Burnaby council considering fee deferrals for construction companies

The City of Burnaby is considering offering a little relief for the construction industry during the COVID-19 pandemic.

That relief would come in the form of deferments of amenity density bonus fees owed to city hall, one of several fees paid in the development process. Council voted in favour of the measures in Monday evening’s council meeting.

In a report to council, staff said the pandemic has led to a slowdown in projects getting to final adoption in rezoning, in large part due to restrictions from financial institutions. Due to market volatility, according to the report, lenders are currently requiring developers pre-sell 60% or more of the residential units before they’ll finance these projects.

“Therefore applicants must raise private capital to fund pre-development municipal costs and charges, which can be in the tens of millions of dollars, and may not be easily, or affordably, obtained,” staff wrote in the report.

This has led to a decrease in fees and charges paid to the city and a slowdown in the construction industry.

The city requires developers to pay fees for building permits, construction plan approvals, rezoning, engineering servicing costs, housing fund charges and development cost charges, among others. But above all, staff said the amenity density bonuses are the most costly.

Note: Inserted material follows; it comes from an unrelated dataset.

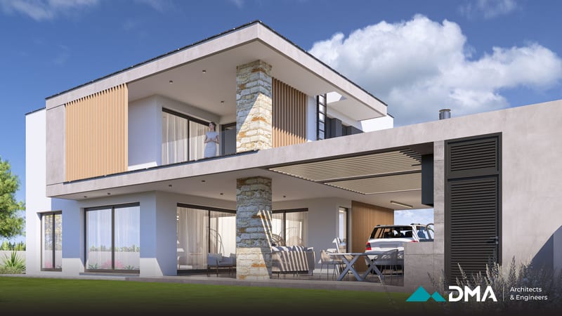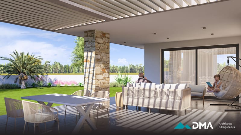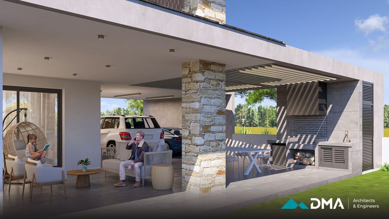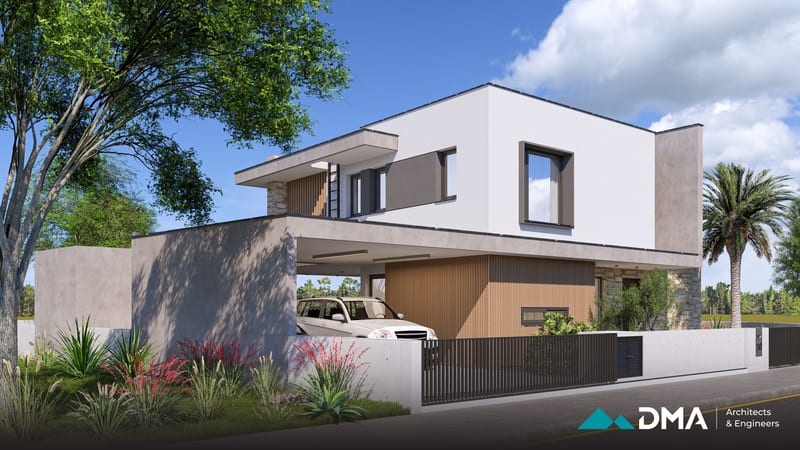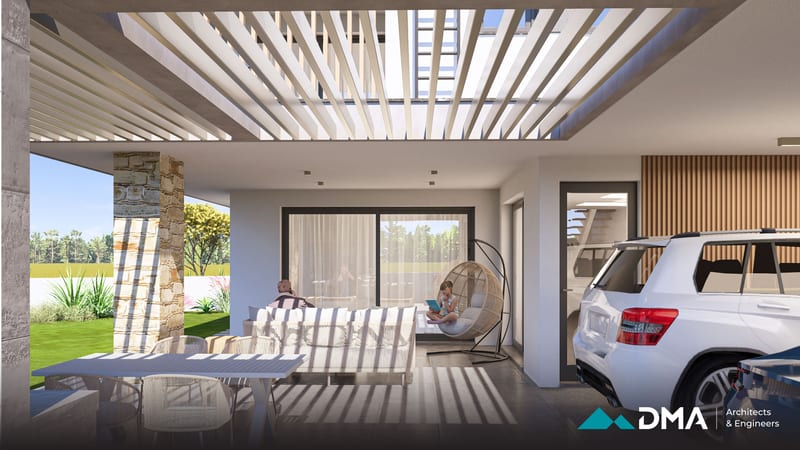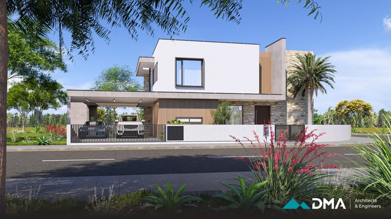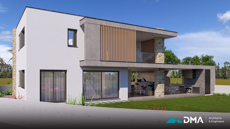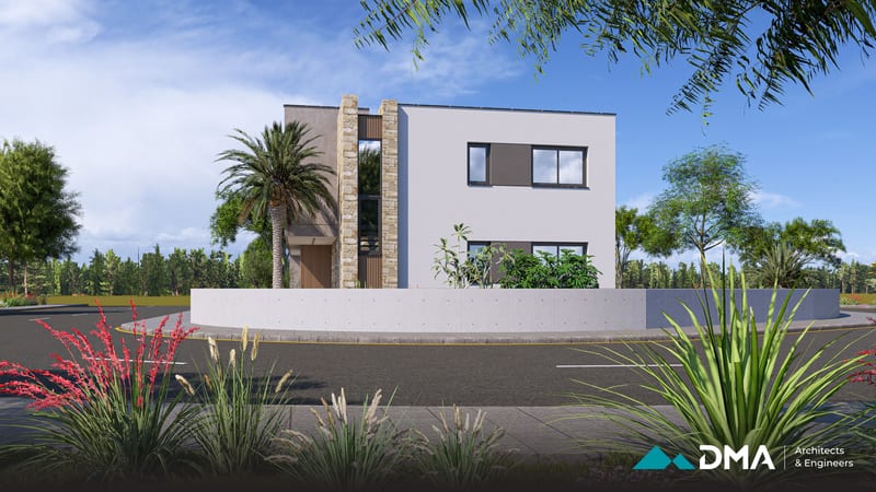 This private residence in the Aradippou area of Larnaca is a spacious four-bedroom home designed to combine comfort, functionality, and modern living. The residence features a large open-plan kitchen, dining, and living area, creating a bright and connected central space for family life. The building is designed to achieve Energy Class A performance, incorporating high-quality insulation and energy-efficient systems for optimal comfort and sustainability.

The density bonuses are fees developers pay to gain more density for their projects – a couple of extra floors on their tower, for instance. The money goes into a fund dedicated to building amenities for the city, such as parks or community centres.

Staff suggested the city offer a deferral of the density bonuses to allow the developers to complete the rezoning process. The developers would then have the development more or less secured – albeit without building permits or construction plan approvals – until a time in which market conditions are suitable for pre-sales.

Once the financing has been secured, the developer would be able to pay the city and proceed with building permits and the rest of the process.

“The benefit to this approach is that the city can obtain all necessary services and fees related to the subdivision of land including obtaining necessary road, cycle and pedestrian infrastructure,” city staff noted.

Council referred the matter to the planning committee this week to look at the impacts of the proposal before returning to the issue at a later meeting.